As a Sony user, I can say that the two worst RAW converters I've seen for the A900 files are ACR and....Sony's own IDC! Since nearly every review site uses one of those two converters for RAW development with the Sony, I think it's good to show what the sensor is capable of. Aperture and Capture One are two examples of converters that don't mush the Sony RAWs, and I'm hoping the new Bibble acts similarly.

The point of an analysis without the raw converter would then be to determine the potential for improvement in raw conversion.

This kind of data may not be useful to regular photographers per se, but it could be useful to those making raw converters or otherwise working directly on raw data. It could also be useful to camera sensor makers.
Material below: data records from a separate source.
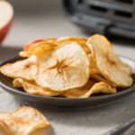 Lightly sprinkle with cinnamon and a tiny pinch of salt. If you like a sweeter chip, dust with a bit of sugar. A quick mist of oil is optional for even browning.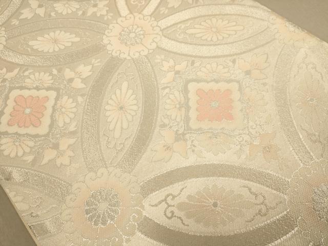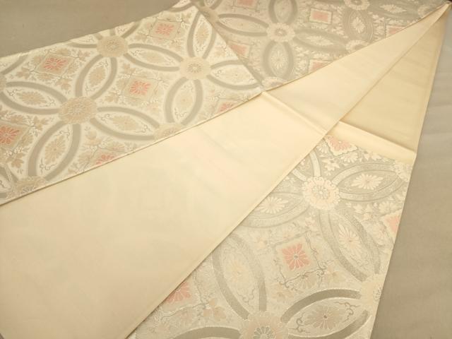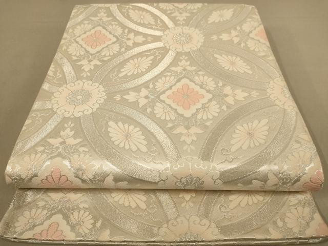 平和屋着物◎六通柄袋帯 唐織 七宝花文 銀糸 正絹 逸品 AABC8551dt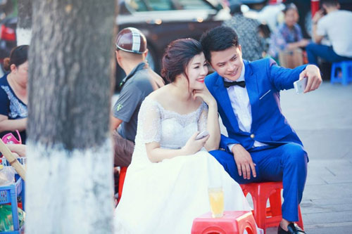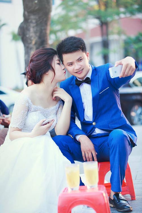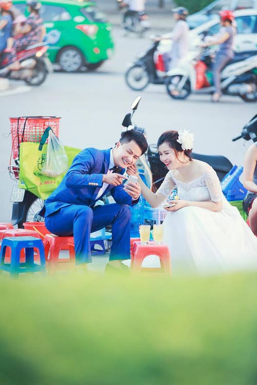 Mới đây, trên các diễn đàn dành cho giới trẻ đã đăng tải bộ ảnh cưới ấn tượng của cặp đôi khi đang ngồi uống trà đá đã thu hút sự chú ý của rất nhiều dân mạng.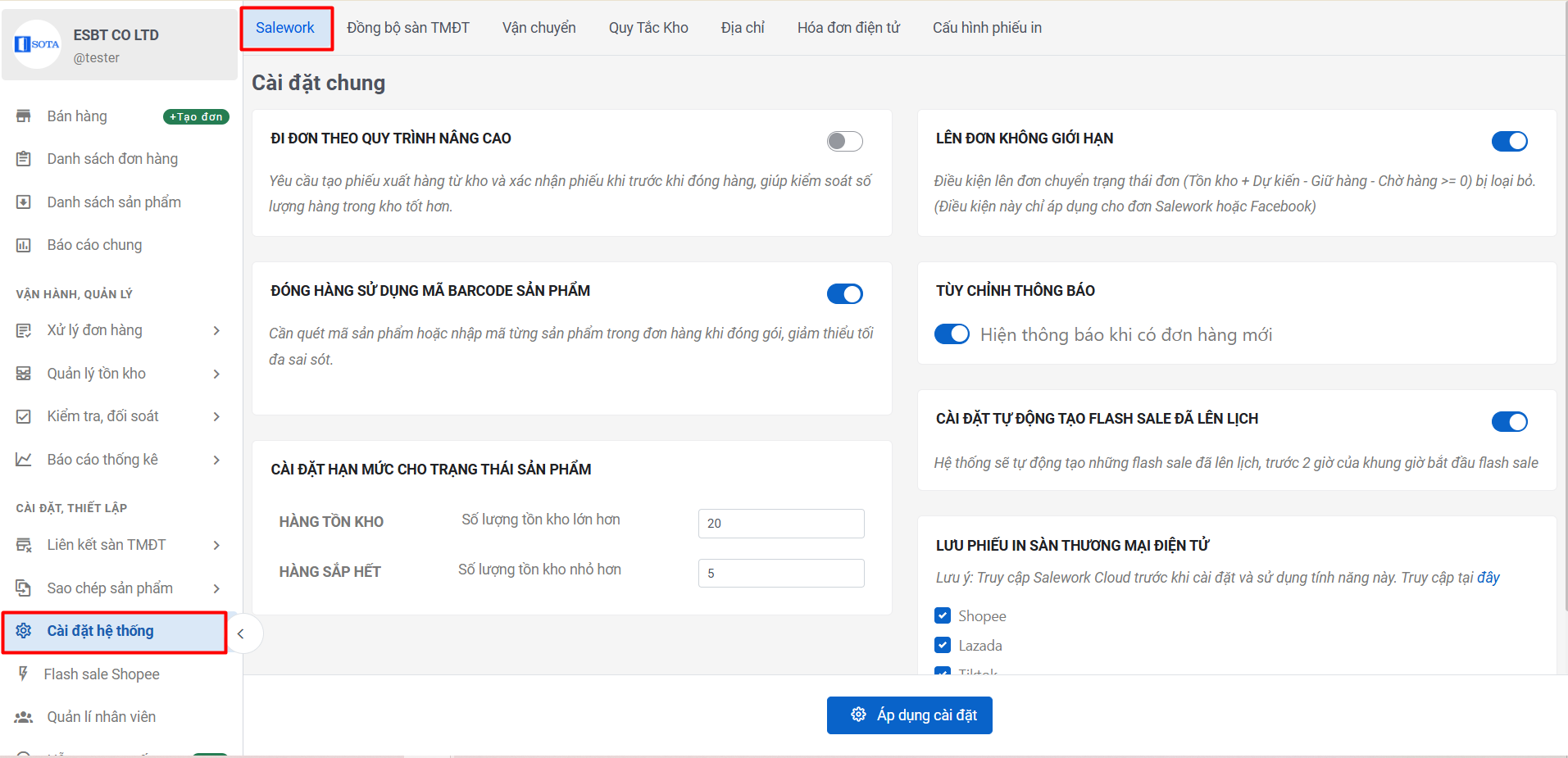 **Bước 1:** Bạn truy cập vào mục **Cài đặt hệ thống** > Chọn **Salework.**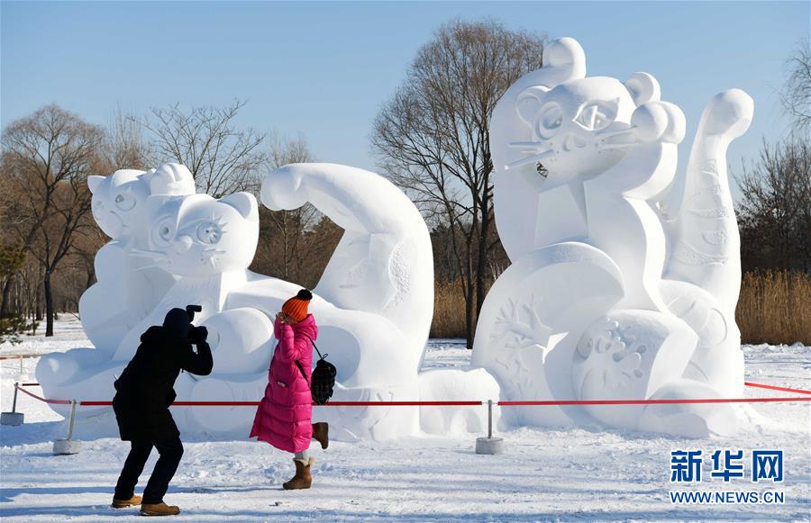 1月26日,游客在清华大学队作品《自由的三只猫》前留影。 新华社记者 王建威 摄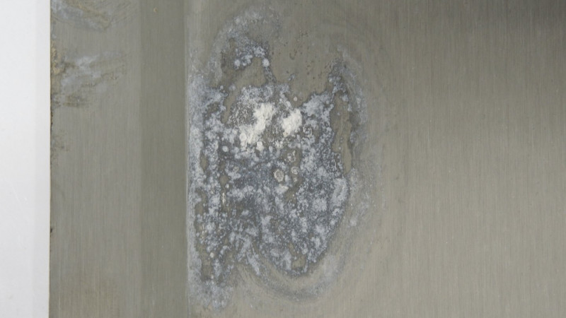 - Die Ursache der Ausblühungen ist ein Auftropfen von kupferhaltigem Lötwasser auf die Blechoberfläche und damit einhergehend ein ausgeprägter lokaler Angriff auf die Blechoberfläche unter Ausbildung von Weißrost.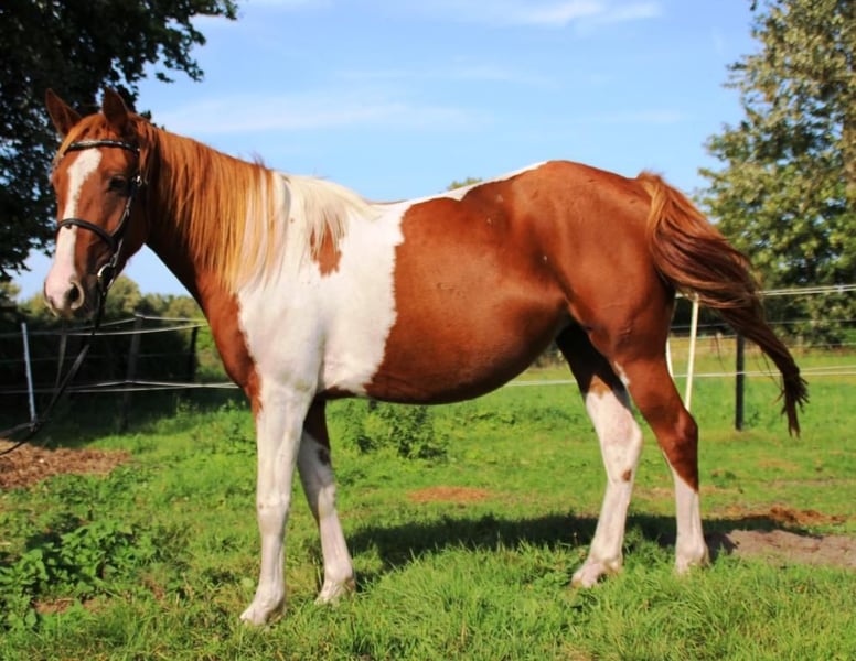 ✨ 3-jährige Lewitzer Stute zu verkaufen ✨ Da unsere Tochter doch kein Interesse am Reiten hat, suchen wir für diese tolle junge Stute ein neues Zuhause. Sie ist aufgeweckt und neugierig, liebt aber genauso ihre Kuscheleinheiten. Aufgrund ihres Alters ist sie jedoch noch kein reines Kinderpony, kennt aber den Umgang mit Kindern – ein kleiner, ponytypischer Dickkopf ist vorhanden und sie hat noch vieles zu lernen. Daten & Ausbildungsstand: -Alter: 3 Jahre - Farbe: Fuchs-Schecke -Stockmaß: aktuell ca. 1,44 m (hinten gerade leicht überbaut) -Bisher nur leicht anlongiert; Longiergurt, Pad und Trense kennt sie -wird daher aber als roh abgegeben -Haltung: altersgemischte Stutenherde, Offenstall mit Weidezelten, ganzjährig draußen -Regelmäßig geimpft & Hufpflege -Anhängerfahren problemlos Abstammung: Mutter: Princess Mabel (v. Pit / Peter I; Urban) Vater: Granit (Grandy, Bundesprämiensiegerhengst x St. Pr. Giny von Shamani) Beide Elterntiere können bei uns auf dem Hof besichtigt werden Wer Lust hat, dieses charmante Jungstute zu fördern, ist herzlich eingeladen, vorbeizukommen, sie kennenzulernen – und sich direkt zu verlieben. Infos & Fragen gerne telefonisch oder per WhatsApp: 0176 – 78879276

I agree that results based solely on measures over RAW data providing an objective view of the hardware of the camera, need some extra interpretation effort to extrapolate results to what we can expect to achieve in our real photographs. However I prefer by far these results than those more obvious DPreview samples. After all we are not always going to use our camera to take JPEG pictures of a stamp with the queen of England.

BR

Emil, I was thinking that perhaps they already corrected the saturation point of the camera at each ISO to fit 100% in the X-axis of their plots, contrarily to your plots that strictly display ADU levels on that axis where the right end is always RAW saturation (ADU=2^14-1).
In that case their curves could cross, and in fact this would show in a very intuitive way in the plots what you explained on how some cameras can reach a higher DR for a given higher ISO, but at the cost of worse SNR in most of the range.
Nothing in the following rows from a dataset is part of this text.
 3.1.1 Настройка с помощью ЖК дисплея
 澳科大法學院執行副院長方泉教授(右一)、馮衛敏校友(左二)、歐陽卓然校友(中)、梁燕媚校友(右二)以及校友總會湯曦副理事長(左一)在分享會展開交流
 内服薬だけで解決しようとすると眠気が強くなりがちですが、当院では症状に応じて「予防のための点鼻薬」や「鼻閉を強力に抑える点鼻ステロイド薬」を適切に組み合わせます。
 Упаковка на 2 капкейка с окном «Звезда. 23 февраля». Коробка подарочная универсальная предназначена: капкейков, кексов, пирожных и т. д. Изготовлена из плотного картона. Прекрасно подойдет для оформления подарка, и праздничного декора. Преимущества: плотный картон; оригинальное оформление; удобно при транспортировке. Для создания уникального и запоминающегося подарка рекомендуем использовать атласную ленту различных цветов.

I think it could be a good idea that you show the sat point for each ISO (typically just ISO100 should differ from 2^14-1) in your graphs, specially for proper DR measures on them.

BR

I agree, but I don't know the saturation point for some of the cameras.

Saturation and clipping are more complex than one might initially think. To test the saturation of my Nikon D3, I grossly overexposed an image of a lightbox at various ISOs with the camera set to record losslessly compressed NEFs. The indicated exposure for ISO 200 was 1/1000 s at f/2.8 and I used 2 s at f/2.8, so I am reasonably certain that all pixels are saturated. I then used Iris to separate the Green 1, Green 2, Red and Blue channels and examined the histograms of the ISO 200 and ISO 3200 images in ImageJ:

Click to view attachment

Clipping can occur when the sensor is saturated or when the ADC overflows. The maximum value for a 14 bit data number is 16383. The green channels at ISO 200 never reach 16383. Due to PRNU (Pixel Response Nonuniformity), the pixels saturate at various levels as shown in the histograms. The camera gain is such that the ADC does not overflow. For the red channel at ISO 200, the gain is such that at pixel saturation, the ADC overflows for all pixels as shown in the histogram. For the blue channel, the gain is such that some pixels cause overflow of the ADC but others do not and PRNU is again observed.
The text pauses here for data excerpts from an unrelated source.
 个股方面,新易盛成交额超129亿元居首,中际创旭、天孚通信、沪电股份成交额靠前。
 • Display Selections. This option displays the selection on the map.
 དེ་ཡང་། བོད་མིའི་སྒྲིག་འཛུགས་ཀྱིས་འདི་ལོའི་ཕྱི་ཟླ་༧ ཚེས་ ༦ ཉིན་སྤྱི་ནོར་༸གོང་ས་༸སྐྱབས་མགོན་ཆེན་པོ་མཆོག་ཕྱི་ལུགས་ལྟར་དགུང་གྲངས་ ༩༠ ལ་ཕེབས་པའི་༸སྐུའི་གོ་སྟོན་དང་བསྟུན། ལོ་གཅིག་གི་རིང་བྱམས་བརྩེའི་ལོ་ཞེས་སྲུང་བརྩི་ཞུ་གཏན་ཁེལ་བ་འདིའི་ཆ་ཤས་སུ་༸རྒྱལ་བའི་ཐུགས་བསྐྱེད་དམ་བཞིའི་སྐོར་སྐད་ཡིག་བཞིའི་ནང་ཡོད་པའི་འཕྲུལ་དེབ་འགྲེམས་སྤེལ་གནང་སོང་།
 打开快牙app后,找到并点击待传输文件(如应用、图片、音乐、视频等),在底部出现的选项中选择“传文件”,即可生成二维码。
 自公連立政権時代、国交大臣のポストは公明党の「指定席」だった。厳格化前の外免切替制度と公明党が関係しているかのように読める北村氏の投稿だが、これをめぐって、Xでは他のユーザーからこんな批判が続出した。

I thought that these results were interesting and worth posting.

Bill

The strangest saturation point I have found is that of the R sensor in the Fuji Super CCD. Looking at the histograms obtained with increasing exposure one could think it never saturates since blown information never concentrates at any particular point but along a wide range of values in the form of a gaussian distribution. See here the EV histogram (each of them normalised to its maximum) with subsequently increasing exposure of +1EV:




If we look at the last histogram in linear mode we see all the saturated areas concentrated in a gaussian bell distribution in the right half:




One could think that's information compression (which would mean a huge DR!), but unluckily it is not, it seems to be just noise. Yes, noise in the highlights but noise after all with no texture or detail on it. And the three RGB channels of that bell are aligned in the RAW data (i.e. prior to WB which is the way I calculated these histograms), that is why once WB is applied, R and B relative exposures increase with respect to G and this causes the typical Fuji magenta highlights for having G shortage that becomes visible when applying a strong exposure correction down (what others call highlight recovery). So when a magenta cast appears on a Fuji image it just means one thing: saturation of the R sensor (of course in this situation the S sensor saturated time ago).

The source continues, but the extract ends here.